▶ _Activity_
For the records below, copy exactly the span that begins at the line containing "Ihr seht es" and stops after the line containing "ドーサトロンは電気やエアーな", minus any pictures.

Records drawn from a dataset
------
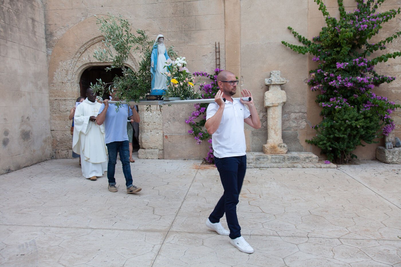 The Assumption, called Dormition in Eastern tradition, is the Christian belief that the Virgin Mary, mother of Jesus, at the end of her earthly life, entered directly into the glory of God, in other words, "ascended into heaven". This belief has no scriptural basis, but is in line with a long-standing tradition in both Eastern and Western churches, and has been celebrated liturgically since the 7th century. In the Catholic Church, it was defined as dogma. In the Catholic Church, the Assumption is celebrated liturgically on August 15, often accompanied by processions.
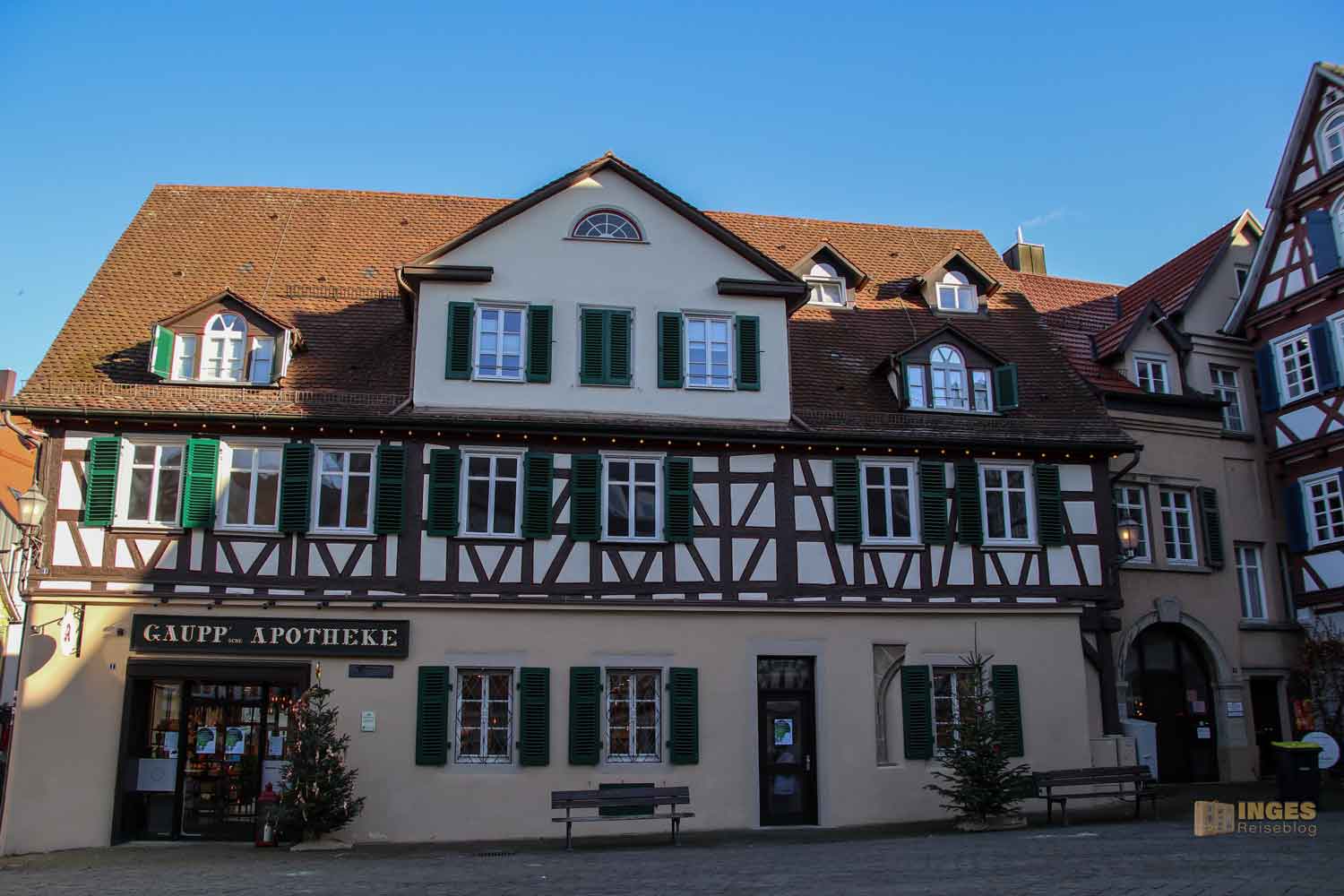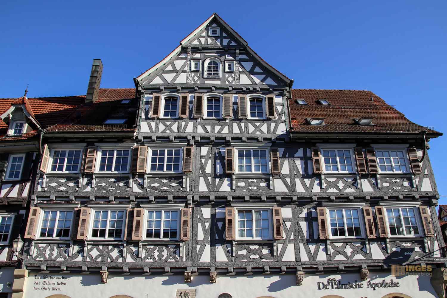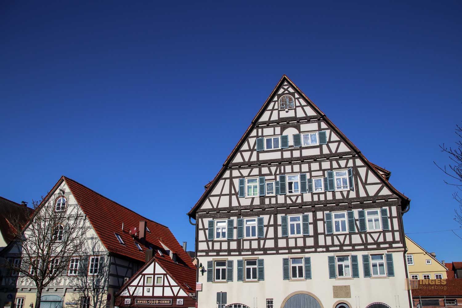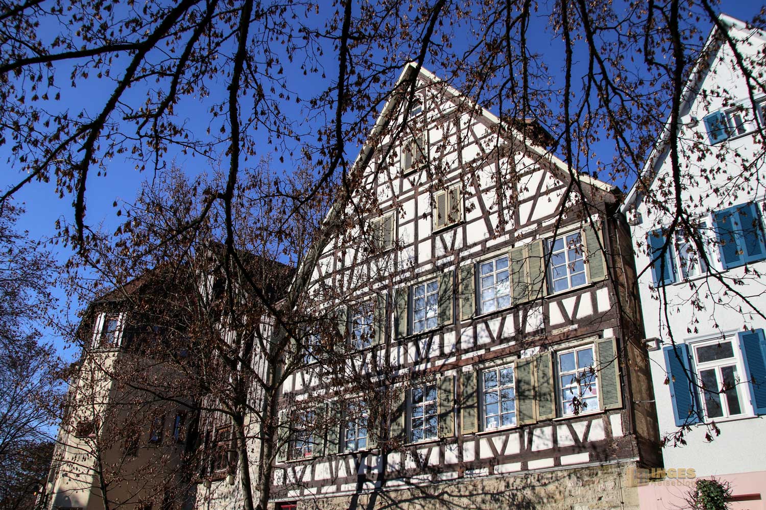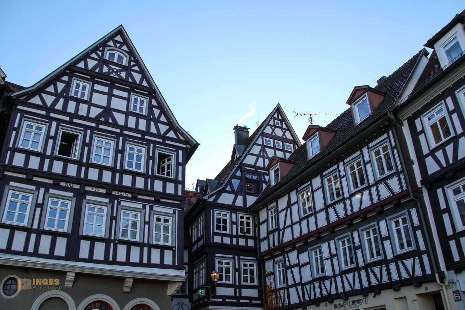 Ihr seht es an den Schattenspielen - wir hatten heute, Ende November, ein traumhaftes Wetter. Zwar kalt, aber herrlich sonnig. So macht es Spass eine Stadt zu 'erobern'. Denn kaum ums Eck Richtung Kirche, erwartet uns das nächste Fachwerk-Ensemble. Unübersehbar auch, dass man sich im Schwabenland befindet, wie man am Wirtshausschild sieht. Eigentlich ist es ja eine Bar. 🙂
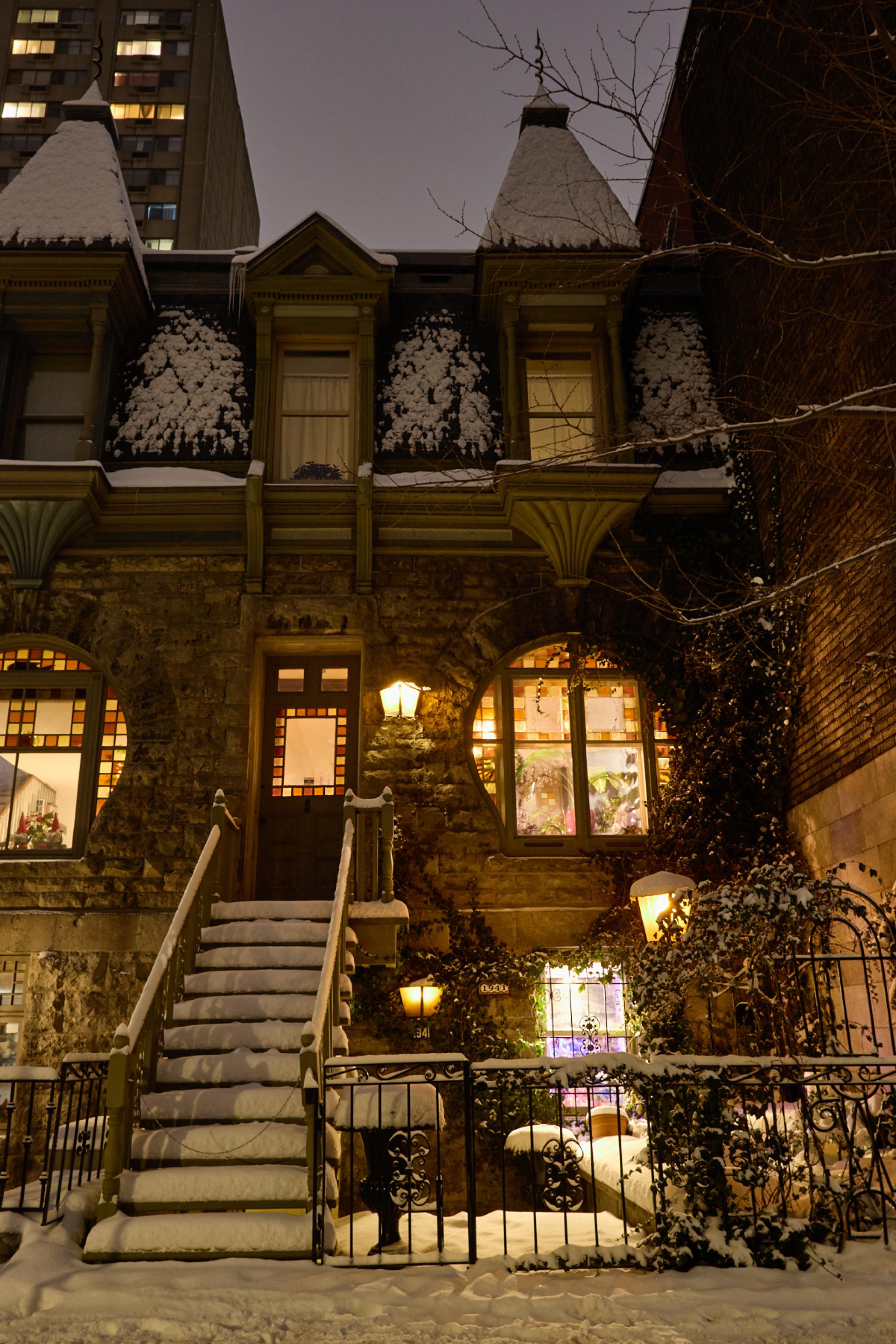 On a winter night in Montréal’s Shaughnessy Village, a historic stone residence emerges from fresh snow beneath a muted sky. Warm interior light glows through leaded panes, while porch lamps carve the façade into layered planes—arch, stair, and dormers—revealing textures of stone, slate, and woodwork. Above the roofline, the silhouette of a contemporary high-rise hovers in the background, quietly situating this intimate heritage scene within a denser, modern city.
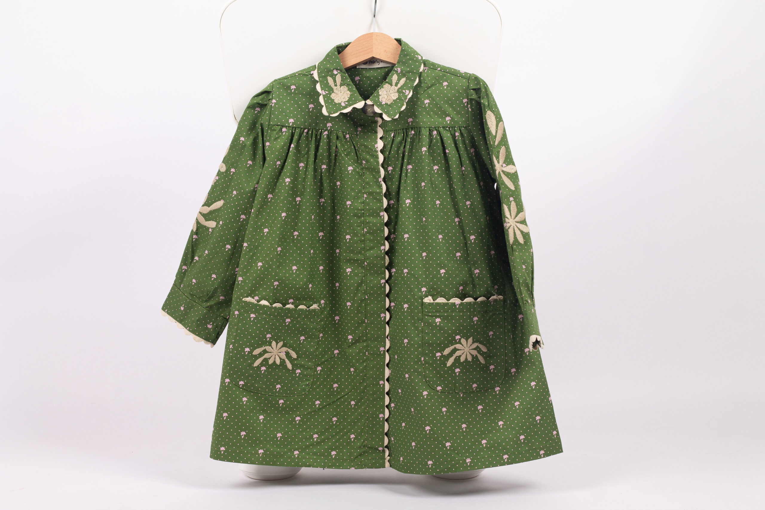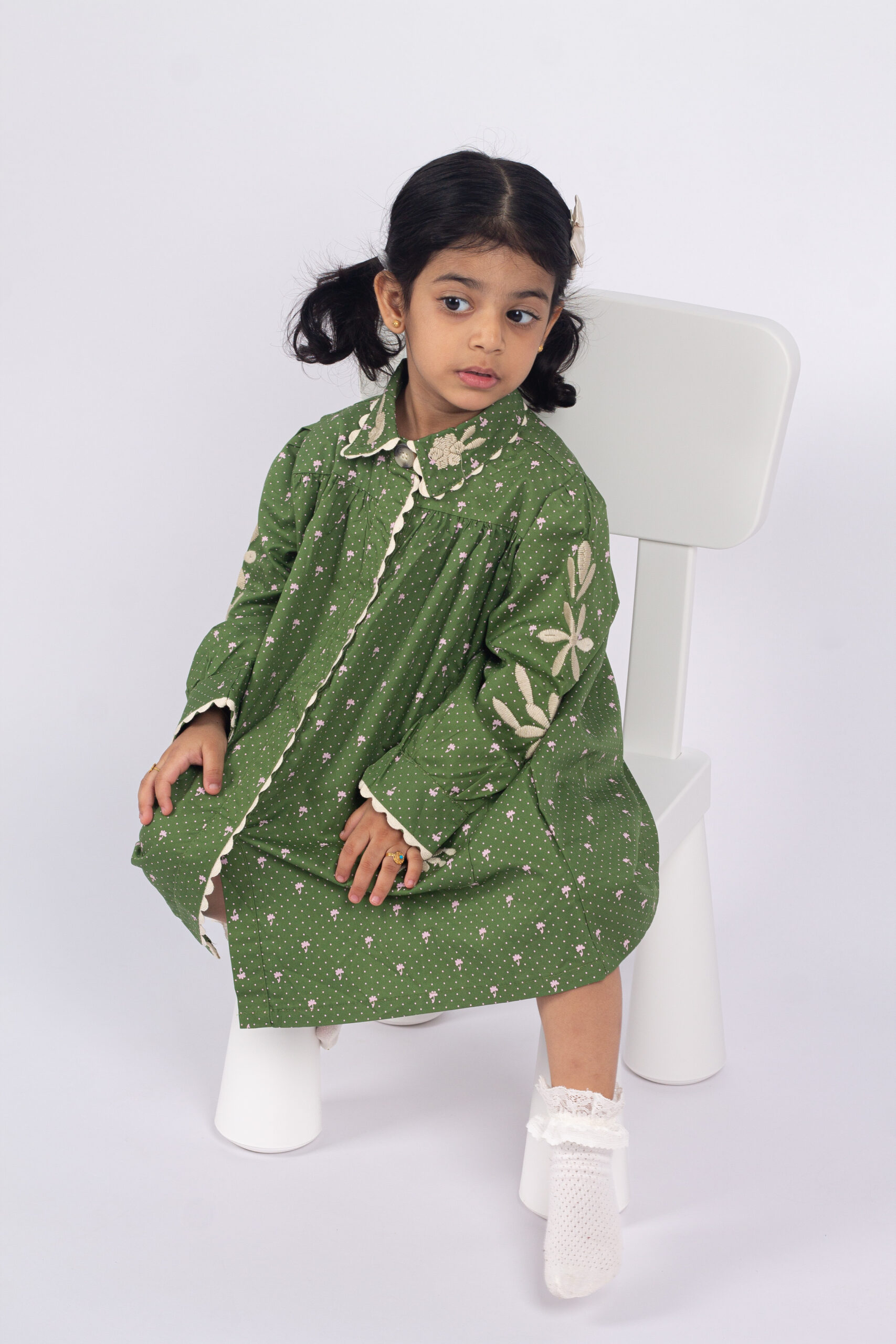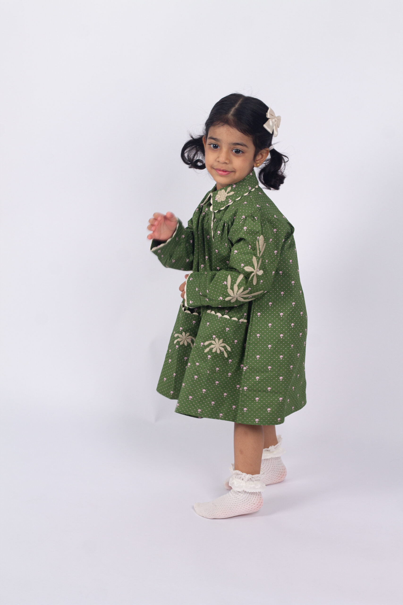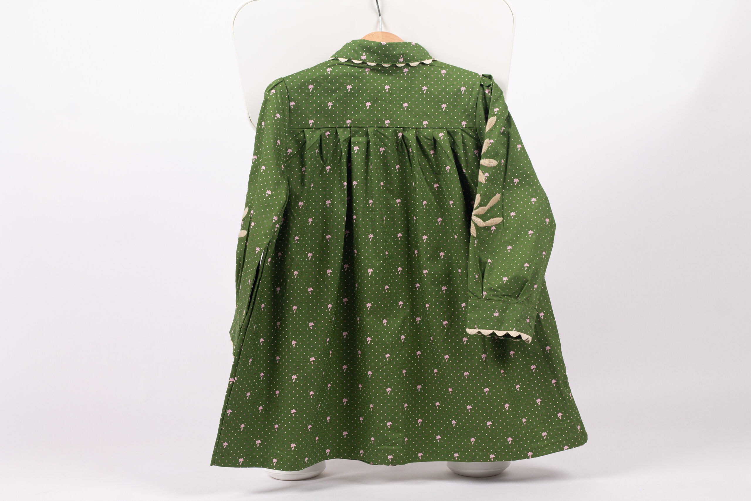 فستان شتوي بناتي مصنوع من قطن سميك ومريح باللون الأخضر، مزوّد بطبعات صغيرة وتطريزات ناعمة على الياقة والجيوب. يتميز بقصة واسعة وأكمام طويلة مناسبة لأجواء الشتاء، مع أزرار أمامية سهلة للّبس. تصميم عملي ودافئ للّبس اليومي والمناسبات البسيطة.
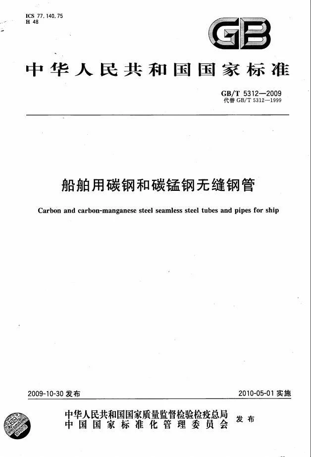 GB/T 5312-2009《船舶用碳钢和碳锰钢无缝钢管》(Carbon and carbon-manganese steel seamless steel tubes an个采死志量制查使粒d pipes 来自for ship)360百科是于2010年5月1日发布实施的国家标准。
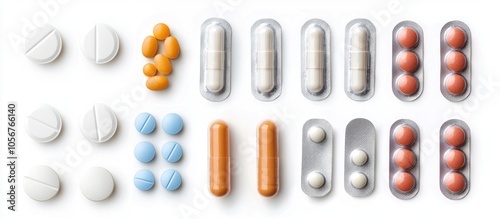 Capsules Medicine Panel And Pills Isolated On White Background With Clipping Path
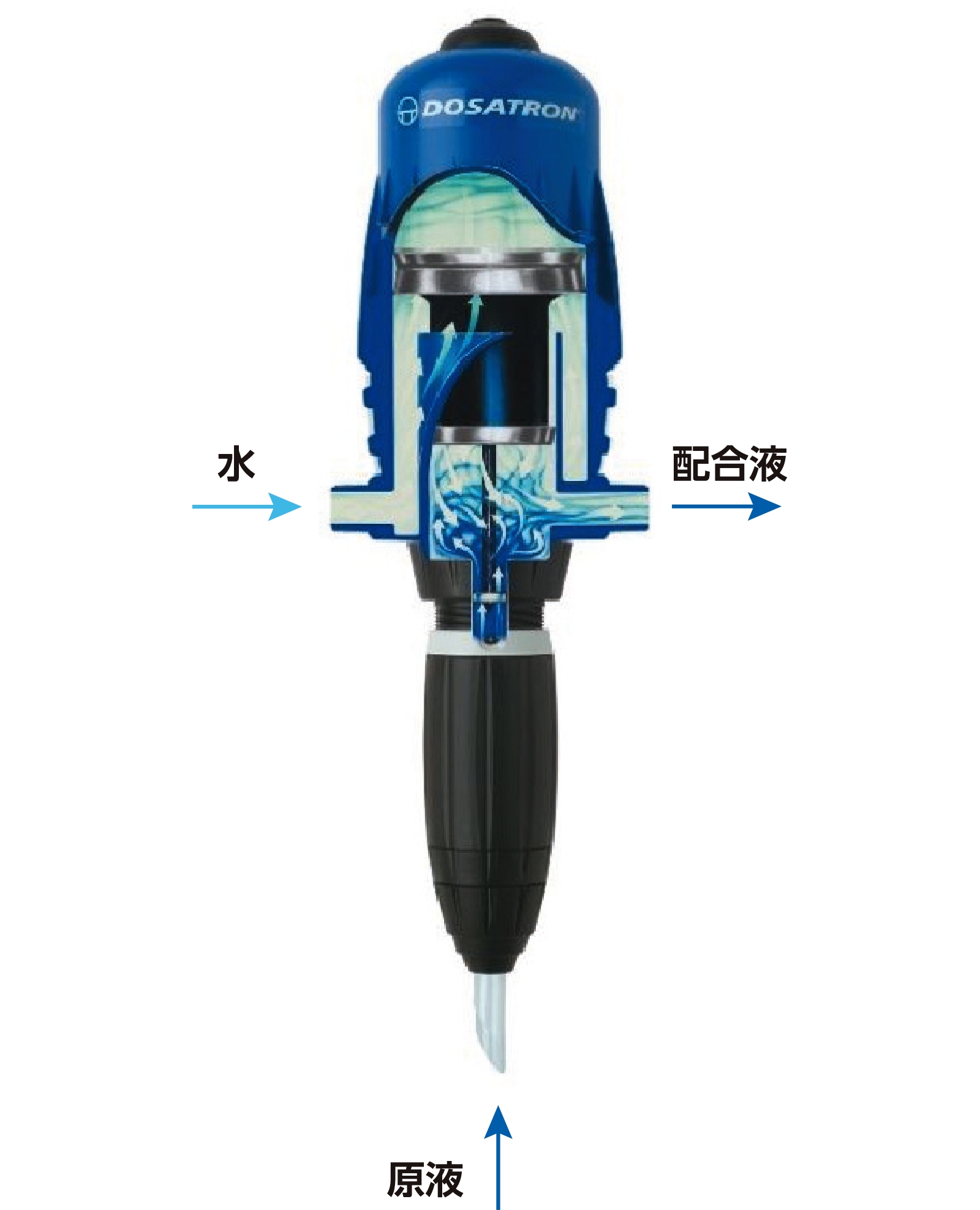 ドーサトロンは電気やエアーなどの動力源を必要とせずに、水道水の水圧だけで作動する比例混合装置です。薬液を一定の比率で自動的に混合し、配合量を連続的に排出。エジェクター方式と異なり、水圧や流量が変化しても一定の比率で正確に混合します。
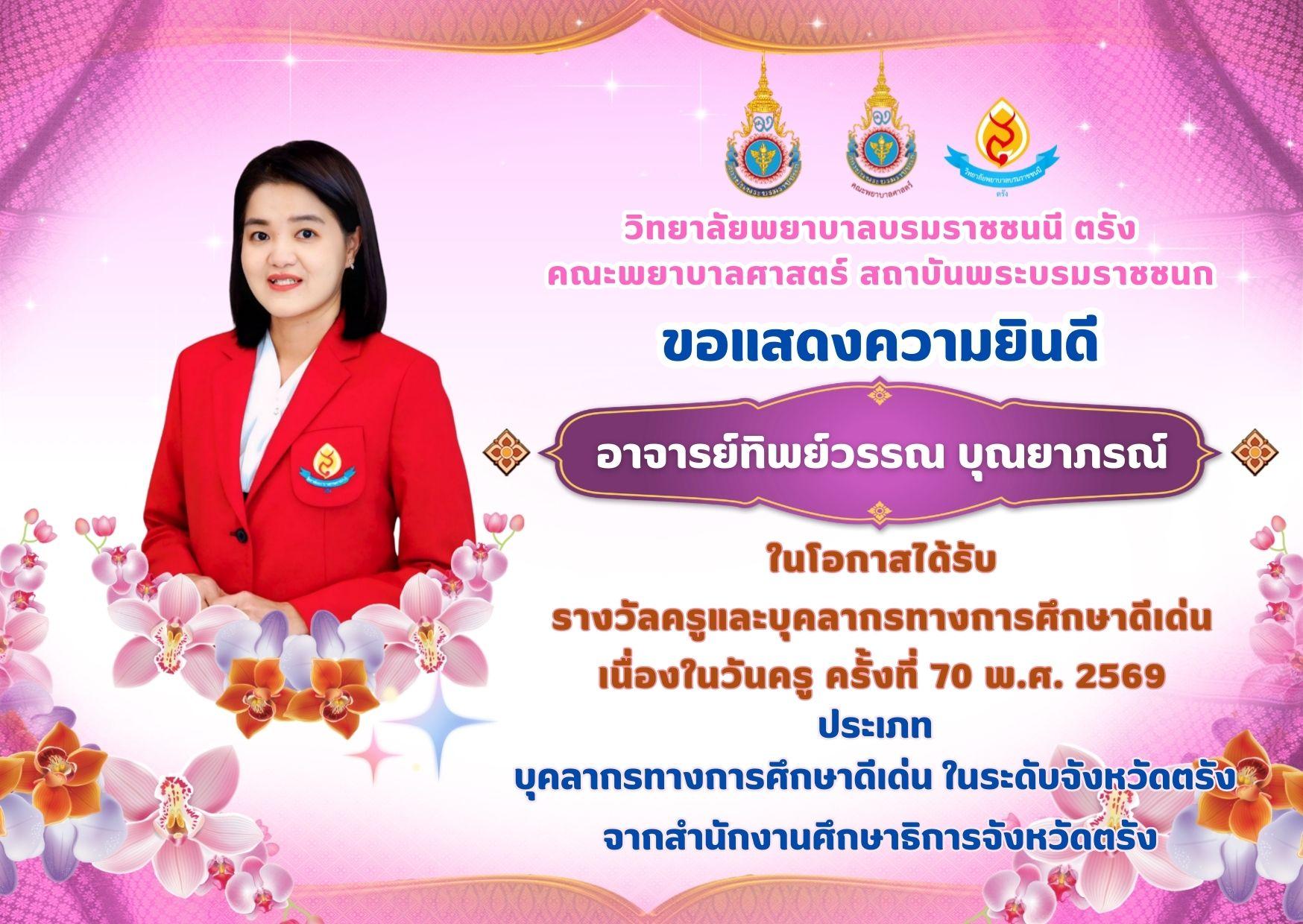 ขอแสดงความยินดีกับ อาจารย์ทิพย์วรรณ บุณยาภรณ์ เนื่องในโอกาสได้รับ รางวัลครูและบุคลากรทางการศึกษาดีเด่น เนื่องในวันครู ครั้งที่ 70 พ.ศ. 2569
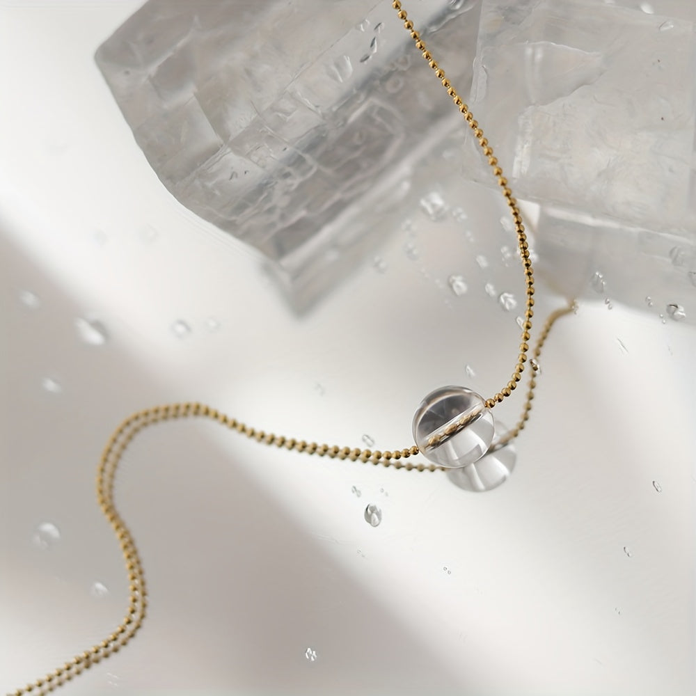 This necklace features a clear round glass pendant on a stylish stainless steel chain. Perfect for daily wear or as a gift for any occasion throughout the year.
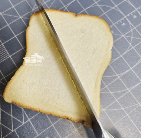 식빵의 대각선 모서리를 향해 칼로 사선으로 비스듬하게 잘라주세요.
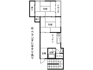 | 詳細間取 | 2DK (和6帖×1、洋6帖×1、DK4.5帖) | ||
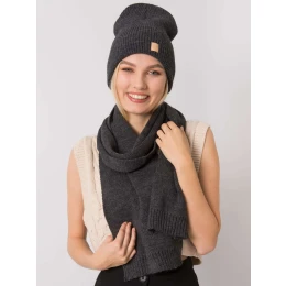 RUE PARIS Tmavě šedá zimní souprava s čepicí a šálou Čepice made in Poland
------
▶ _Solved problem_
 Ihr seht es an den Schattenspielen - wir hatten heute, Ende November, ein traumhaftes Wetter. Zwar kalt, aber herrlich sonnig. So macht es Spass eine Stadt zu 'erobern'. Denn kaum ums Eck Richtung Kirche, erwartet uns das nächste Fachwerk-Ensemble. Unübersehbar auch, dass man sich im Schwabenland befindet, wie man am Wirtshausschild sieht. Eigentlich ist es ja eine Bar. 🙂
 On a winter night in Montréal’s Shaughnessy Village, a historic stone residence emerges from fresh snow beneath a muted sky. Warm interior light glows through leaded panes, while porch lamps carve the façade into layered planes—arch, stair, and dormers—revealing textures of stone, slate, and woodwork. Above the roofline, the silhouette of a contemporary high-rise hovers in the background, quietly situating this intimate heritage scene within a denser, modern city.
 فستان شتوي بناتي مصنوع من قطن سميك ومريح باللون الأخضر، مزوّد بطبعات صغيرة وتطريزات ناعمة على الياقة والجيوب. يتميز بقصة واسعة وأكمام طويلة مناسبة لأجواء الشتاء، مع أزرار أمامية سهلة للّبس. تصميم عملي ودافئ للّبس اليومي والمناسبات البسيطة.
 GB/T 5312-2009《船舶用碳钢和碳锰钢无缝钢管》(Carbon and carbon-manganese steel seamless steel tubes an个采死志量制查使粒d pipes 来自for ship)360百科是于2010年5月1日发布实施的国家标准。
 Capsules Medicine Panel And Pills Isolated On White Background With Clipping Path
 ドーサトロンは電気やエアーなどの動力源を必要とせずに、水道水の水圧だけで作動する比例混合装置です。薬液を一定の比率で自動的に混合し、配合量を連続的に排出。エジェクター方式と異なり、水圧や流量が変化しても一定の比率で正確に混合します。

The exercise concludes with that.